You’re probably not doing transformational work.

Continuous improvement is not transformation. With continuous improvement, products, processes and services are improved three percent year-on-year. With transformation, products are a mechanism to generate data, processes are eliminated altogether and services move from fixing what’s broken to proactive updates that deliver the surprising customer value.

A strategic initiative is not transformation. A strategic initiative improves a function or process that is – a move to consultative selling or a better new product development process. Transformation dismantles. The selling process is displaced by automatic with month-to-month renewals. And while product development is still a thing, it’s relegated to a process that creates the platform for the real money-maker – the novel customer value made possible by the data generated by the product.

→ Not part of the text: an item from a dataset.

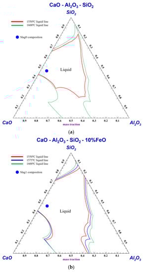 CaO-Al2O3-SiO2-FeO phase diagram and composition of each slag at the experiment temperature: (a) slag0; (b) slag1; and (c) slag2.

Cultural change is not transformation. Cultural change uses the gaps in survey data to tweak a successful formula and adjust messaging.  Transformation creates new organizations that violate existing company culture.

If there the corporate structure is unchanged, there can be no transformation.

If the power brokers are unchanged, there can be no transformation.

If the company culture isn’t violated, there can be no transformation.

If it’s not digital, there can be no transformation.

In short, if the same rules apply, there can be no transformation.

Transformation doesn’t generate discomfort, it generates disarray.

Transformation doesn’t tweak the successful, it creates the unrecognizable.

Transformation doesn’t change the what, it creates a new how.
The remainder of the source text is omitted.